* EXERCISE INSTRUCTIONS *
Line by line, set down all the data below exactly, omitting any picture.

* INPUT MATERIAL *
***

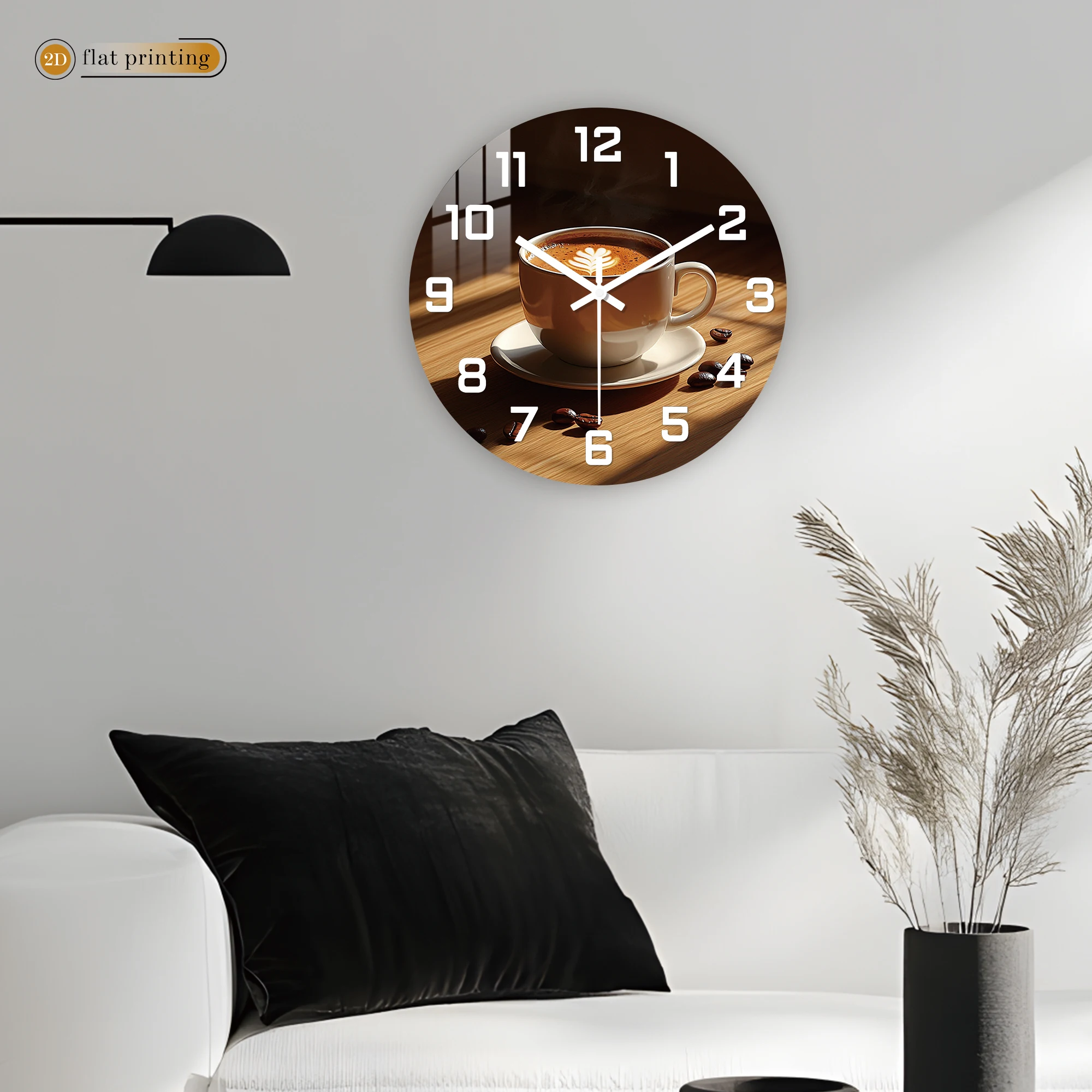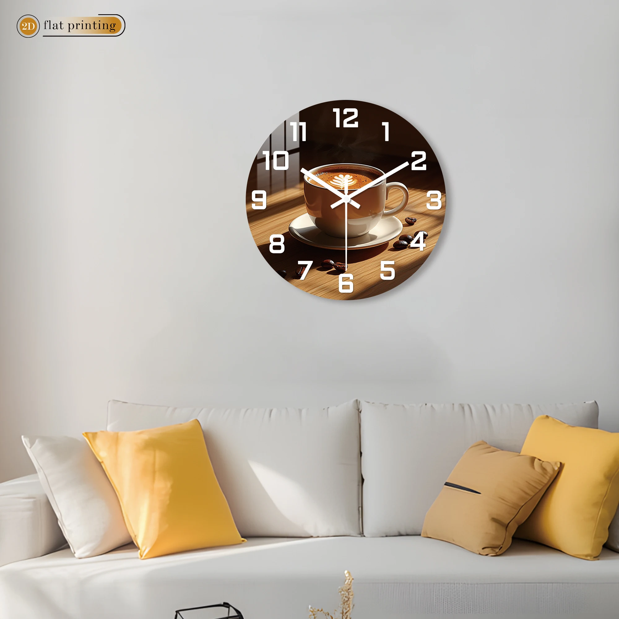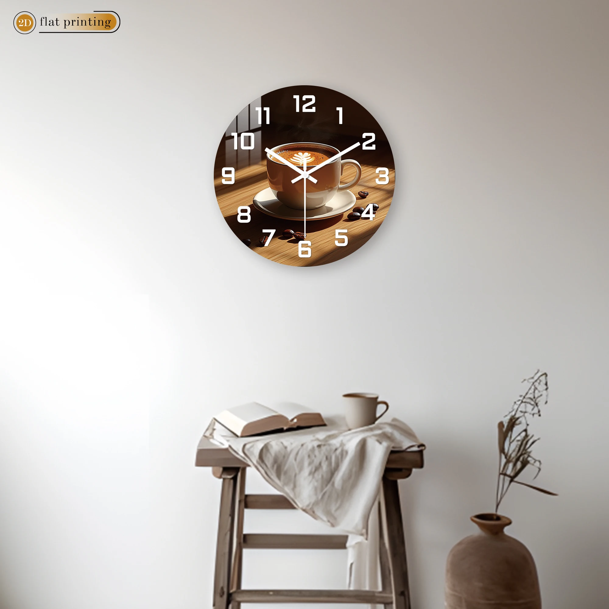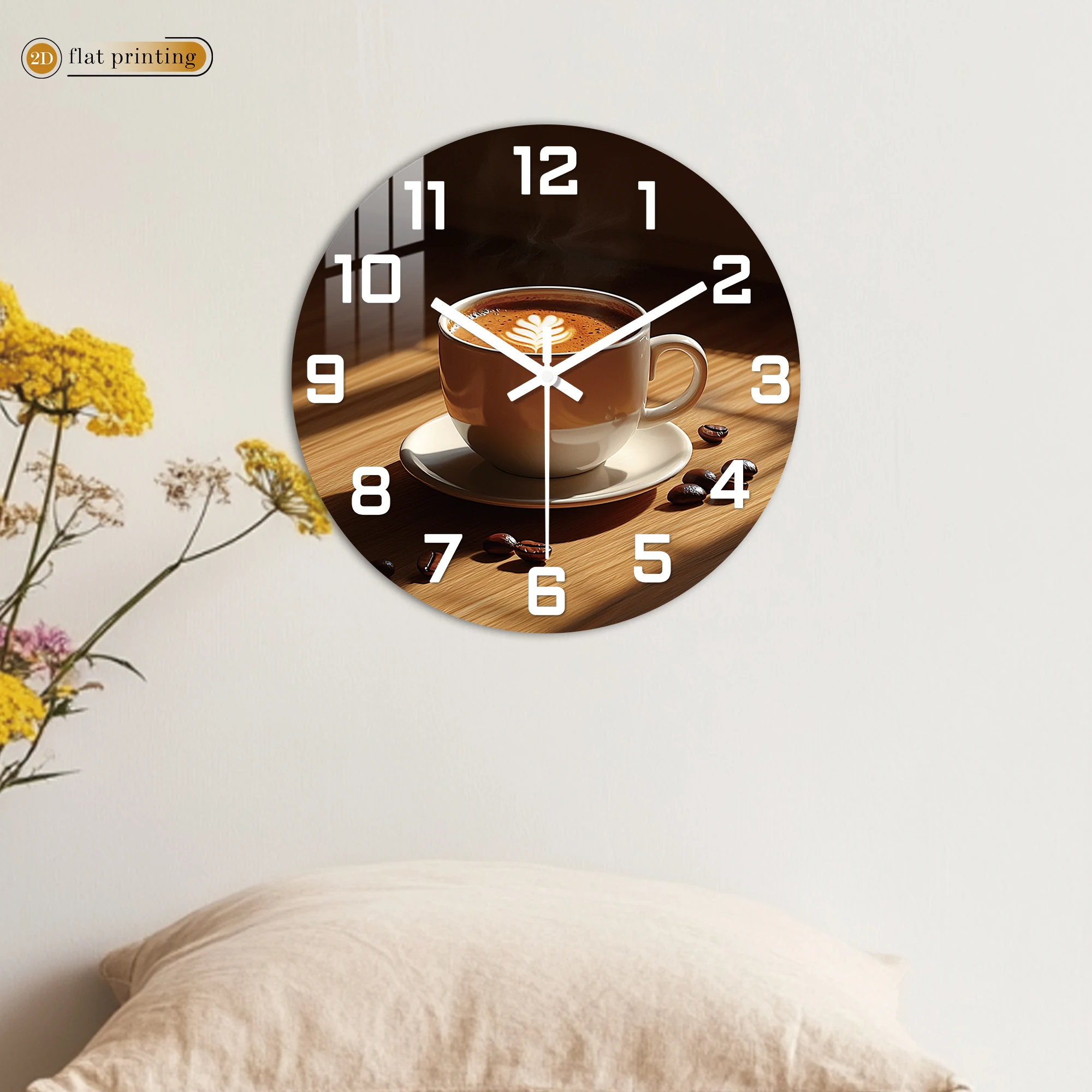 Creative Coffee Cup Design Wall Clock, Latte Art Decor Clock for Kitchen Cafe, Silent Quartz Movement Home Decor
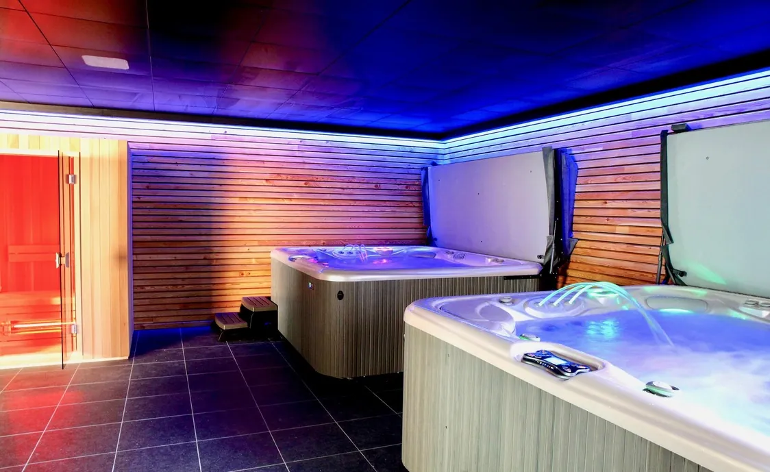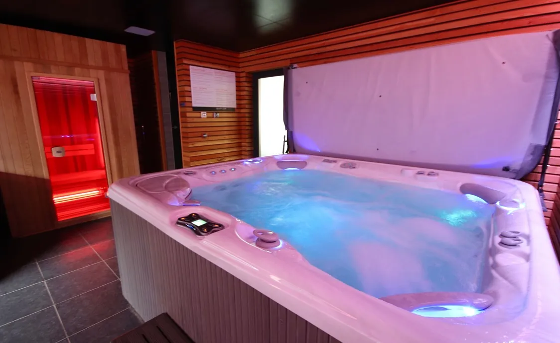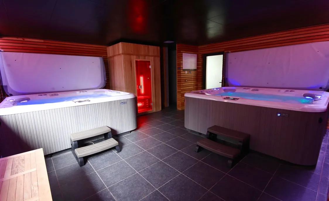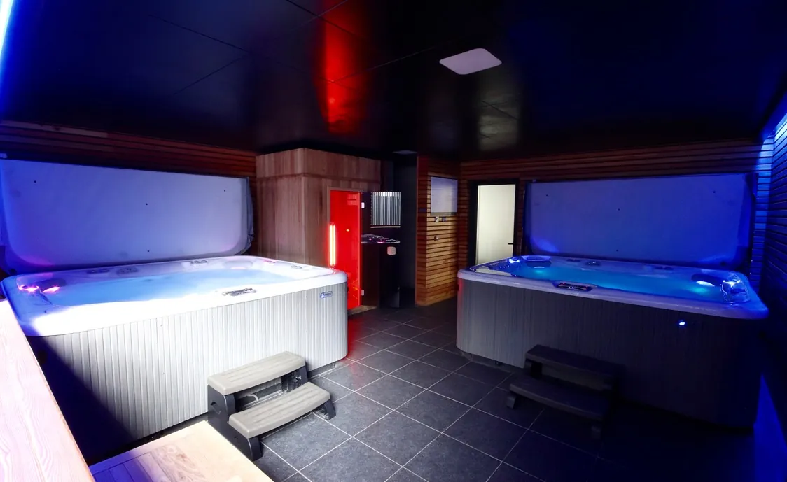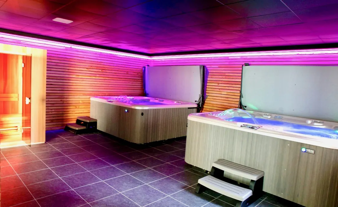 Suite in den belgischen Ardennen mit Außenwhirlpool, der während der Öffnungszeiten des Wellnesszentrums geteilt wird und nach Schließung des Instituts privat genutzt werden kann
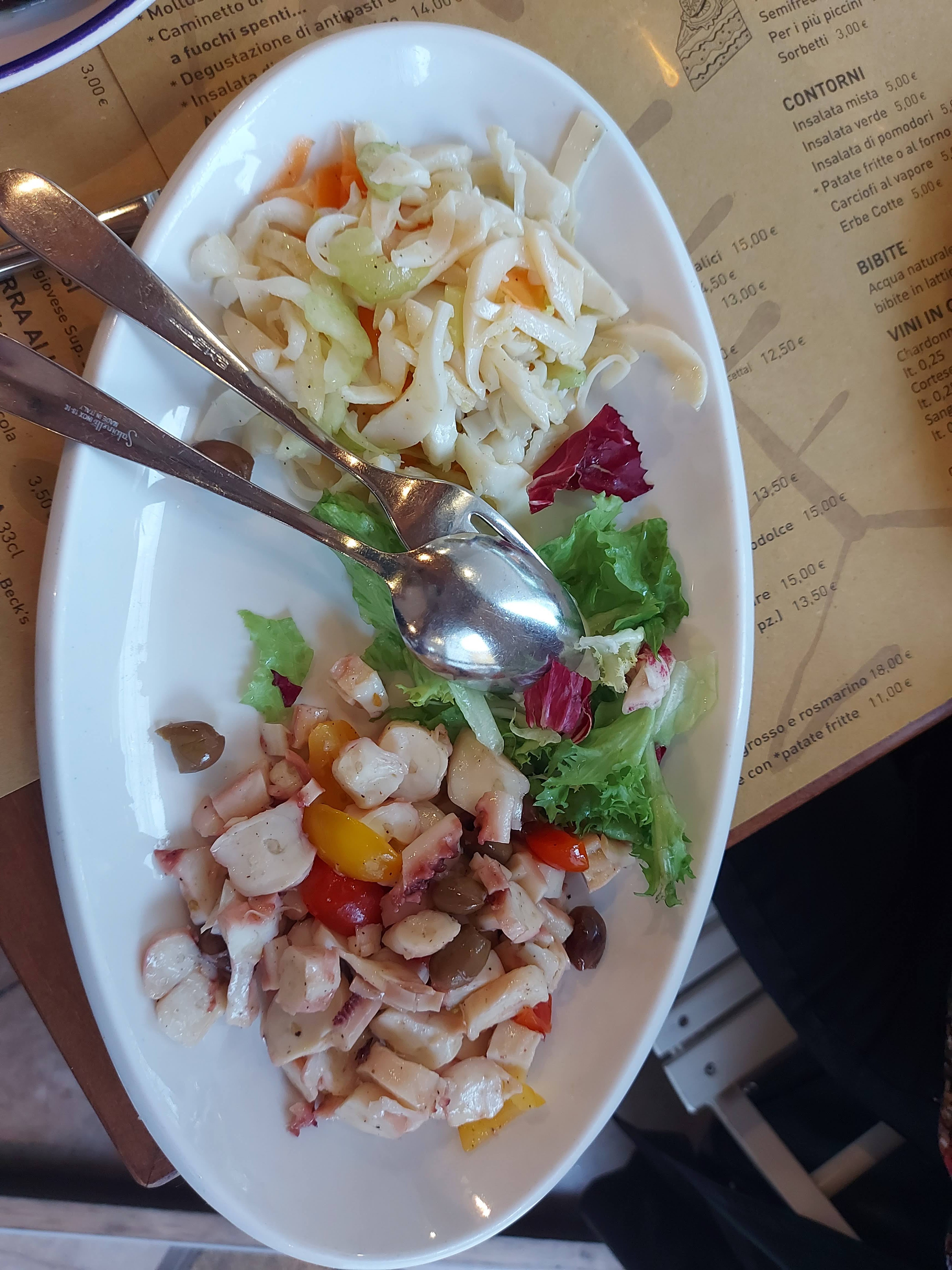 💬 Divin l'entrée de "crudo del mare" avec des écrevisses, du thon, des langoustines; le service est très soigné et la terrasse bien ombragée. Je recommande vivement le poisson cuit au four dans une croûte de sel, un régal.
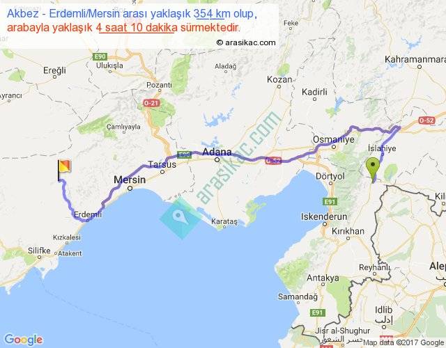 Akbez - Erdemli Mersin arası yaklaşık olarak 90 km/h ile yukarıda belirtilen sürede olup, iki yerin kuş uçuşu uzaklığı (mesafesi) 219'dir. Yolculuk otobüsle 5 saat 25 dakika sürmektedir.
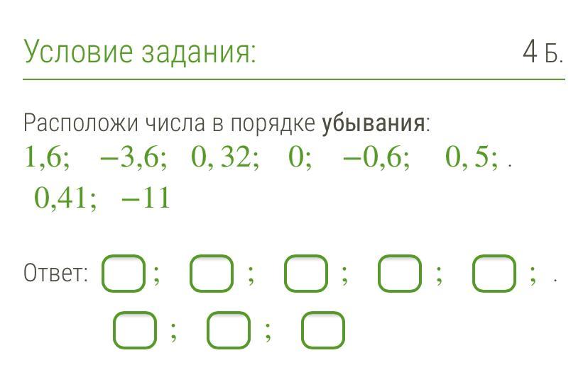 1,6 ; 0,5 ; 0,41 ; 0,32 ; 0 ; -0,6 ; -3,6 ; - 11
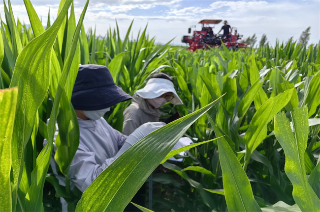 为进一步加快机具的推广应用,在制种玉米去雄作业的黄金期, 省农业机械化技术推广总站专家组深入张掖、酒泉4县区5应用场景开展轻简型制种玉米去雄机的田间试验验证和示范推广,测定了试验地情况、种植模式、植株生长情况等,对一体化试点投放的轻简型制种玉米去雄机的去雄率、伤株率、作业速度、作业小时生产率和油耗等指标开展了作业性能试验测试,完成了多场景下去雄作业性能试验验证,并开展机械去雄和人工去雄对比试验,为轻简型玉米去雄机在我省的熟化与推广收集第一手试验数据。

***

* WRITTEN RESPONSE *
 Creative Coffee Cup Design Wall Clock, Latte Art Decor Clock for Kitchen Cafe, Silent Quartz Movement Home Decor
 Suite in den belgischen Ardennen mit Außenwhirlpool, der während der Öffnungszeiten des Wellnesszentrums geteilt wird und nach Schließung des Instituts privat genutzt werden kann
 💬 Divin l'entrée de "crudo del mare" avec des écrevisses, du thon, des langoustines; le service est très soigné et la terrasse bien ombragée. Je recommande vivement le poisson cuit au four dans une croûte de sel, un régal.
 Akbez - Erdemli Mersin arası yaklaşık olarak 90 km/h ile yukarıda belirtilen sürede olup, iki yerin kuş uçuşu uzaklığı (mesafesi) 219'dir. Yolculuk otobüsle 5 saat 25 dakika sürmektedir.
 1,6 ; 0,5 ; 0,41 ; 0,32 ; 0 ; -0,6 ; -3,6 ; - 11
 为进一步加快机具的推广应用,在制种玉米去雄作业的黄金期, 省农业机械化技术推广总站专家组深入张掖、酒泉4县区5应用场景开展轻简型制种玉米去雄机的田间试验验证和示范推广,测定了试验地情况、种植模式、植株生长情况等,对一体化试点投放的轻简型制种玉米去雄机的去雄率、伤株率、作业速度、作业小时生产率和油耗等指标开展了作业性能试验测试,完成了多场景下去雄作业性能试验验证,并开展机械去雄和人工去雄对比试验,为轻简型玉米去雄机在我省的熟化与推广收集第一手试验数据。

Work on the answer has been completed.